1. A sampling pipe is arranged along the connecting pipe through which the refrigerant of the refrigeration cycle flows, and is equipped with multiple sampling ports for sampling gas from the vicinity of the connecting pipe, A first blower is provided at one end of the sampling pipe and sucks up the gas collected in the sampling pipe.

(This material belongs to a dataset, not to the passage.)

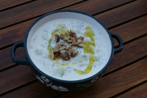 Tarator jadłam lata temu w Bułgarii, ale dopiero teraz zrobiłam go w domu. W smaku przypomina greckie tzatziki, z tym że jest bardziej rzadki i zawiera ekstra składnik jakim są orzechy włoskie. Bułgarski chłodnik jest idealnym rozwiązaniem na letnie upały – danie bez gotowania w zaledwie kilka minut.

A detection system comprising: a detection unit for detecting the presence or absence of the refrigerant in the gas blown out from the first blower.

2. The detection system according to claim 1, further comprising a second blower positioned on the other end of the sampling pipe, which sends the gas collected in the sampling pipe toward the one end.

3. The refrigerant is a slightly flammable refrigerant, The detection system according to claim 1 or 2, wherein the sampling pipe is located below the connecting pipe.

4. The detection system according to claim 1 or 2, wherein the sampling pipe is spaced 10 to 50 cm away from the connecting pipe.

5. The detection system according to claim 1 or 2, wherein valves are provided at the multiple sampling ports.

6. The detection system according to claim 1 or 2, wherein the sampling pipe is made of polyvinyl chloride resin.

7. The detection system according to claim 1 or 2, wherein the sampling piping is configured by connecting a plurality of pipes with tee fittings.

8. The detection system according to claim 1 or 2, wherein the sampling pipe is composed of a perforated socket.